(Dataset excerpts)
*** Block opens ***
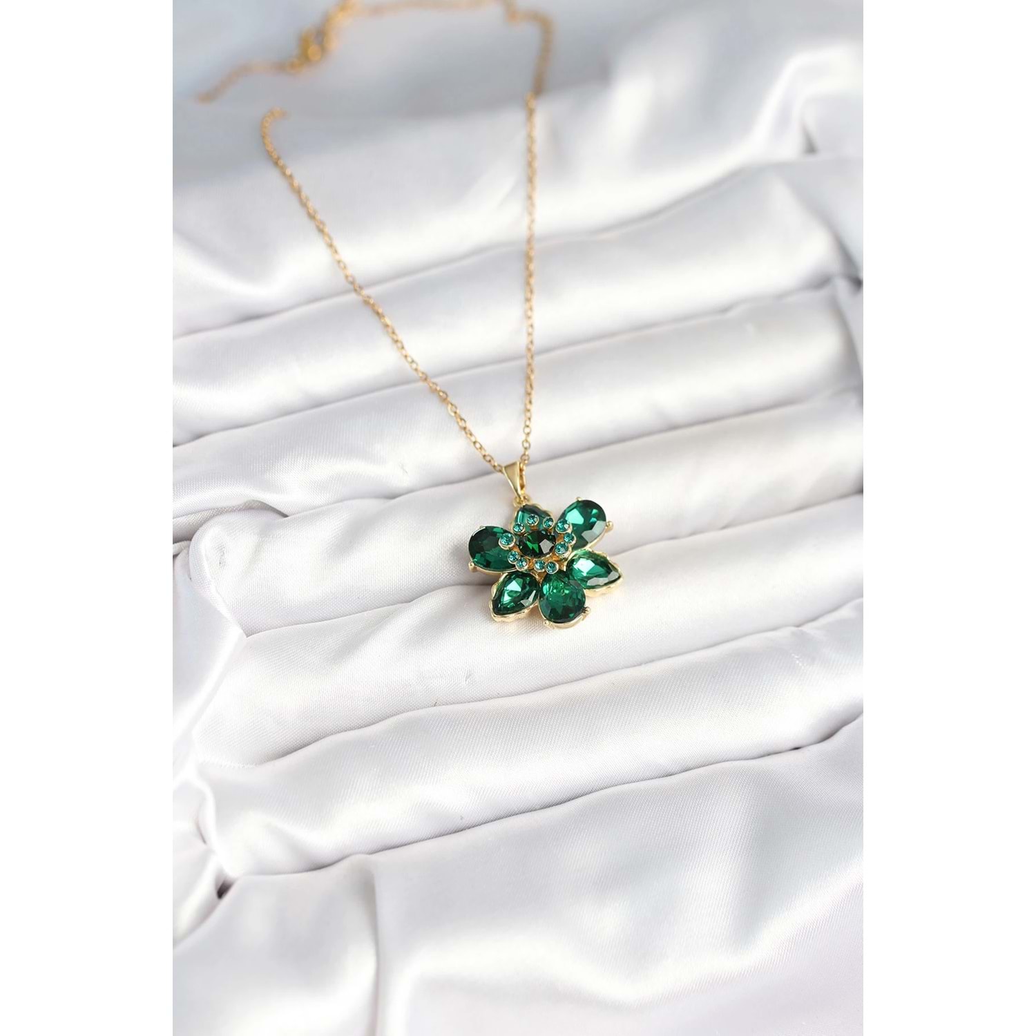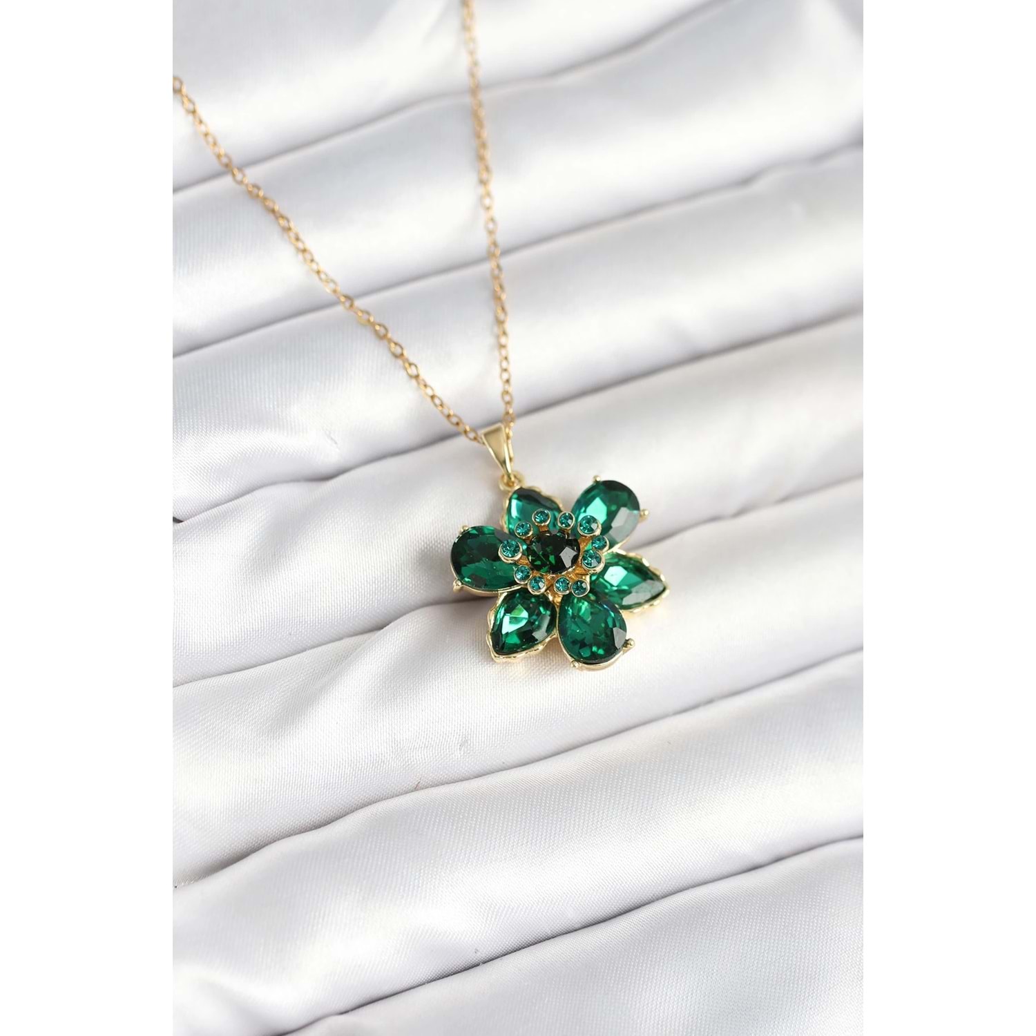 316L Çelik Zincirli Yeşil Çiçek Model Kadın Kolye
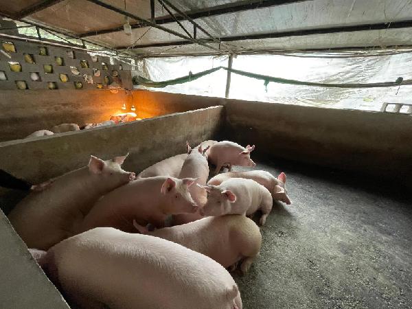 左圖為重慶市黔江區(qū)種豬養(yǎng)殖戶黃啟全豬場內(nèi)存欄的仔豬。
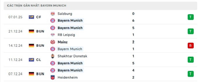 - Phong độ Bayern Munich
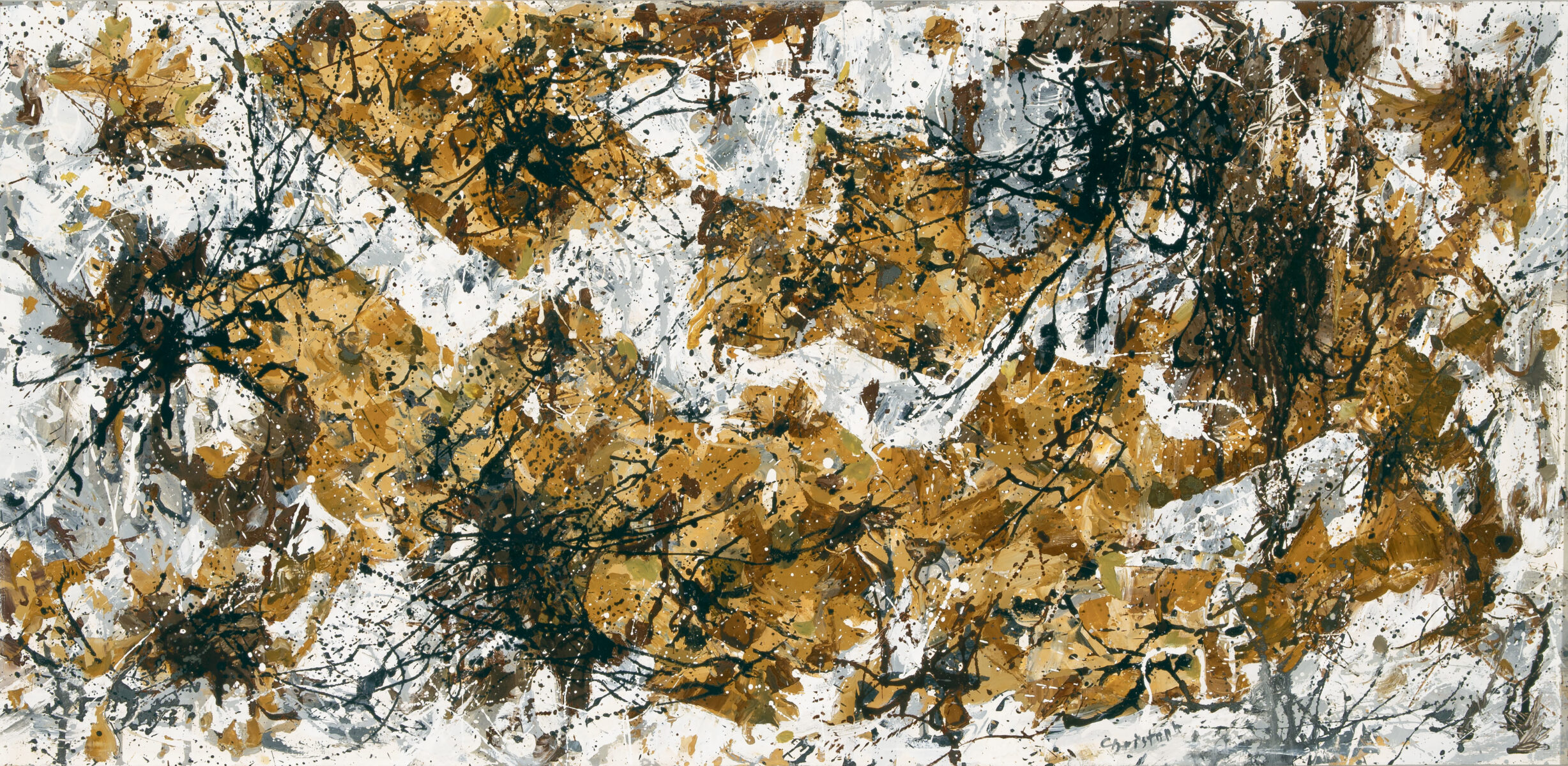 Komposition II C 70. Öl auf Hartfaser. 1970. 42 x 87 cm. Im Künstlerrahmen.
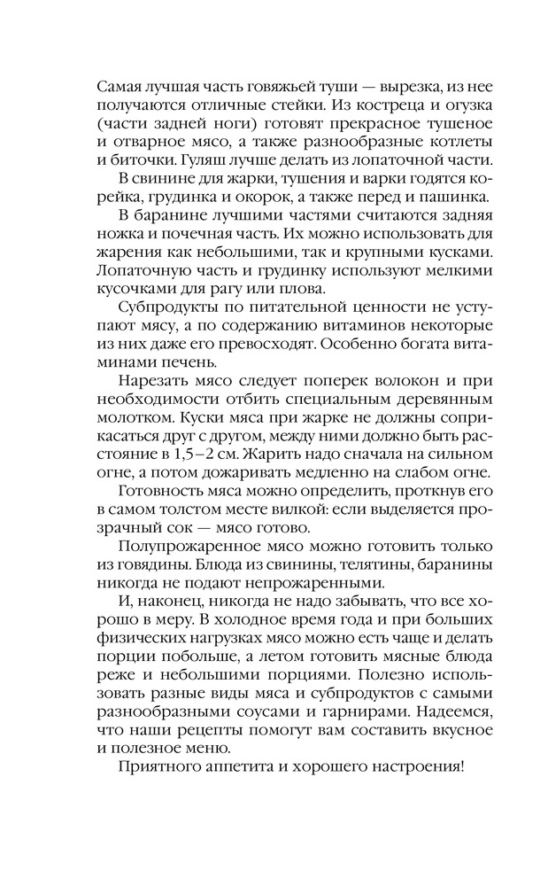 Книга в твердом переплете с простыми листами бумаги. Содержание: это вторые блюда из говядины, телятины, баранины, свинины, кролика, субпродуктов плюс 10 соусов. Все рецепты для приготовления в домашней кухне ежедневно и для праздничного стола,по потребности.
*** Block closes ***
**DESCRIPTION OF THE TASK**
Only the lines from the one containing "左圖為重慶市黔江區(qū)種" through the last line of the entries, both included, should be repeated exactly, and the pictures should be left out.

**ANSWER TO THE EXERCISE**
 左圖為重慶市黔江區(qū)種豬養(yǎng)殖戶黃啟全豬場內(nèi)存欄的仔豬。
 - Phong độ Bayern Munich
 Komposition II C 70. Öl auf Hartfaser. 1970. 42 x 87 cm. Im Künstlerrahmen.
 Книга в твердом переплете с простыми листами бумаги. Содержание: это вторые блюда из говядины, телятины, баранины, свинины, кролика, субпродуктов плюс 10 соусов. Все рецепты для приготовления в домашней кухне ежедневно и для праздничного стола,по потребности.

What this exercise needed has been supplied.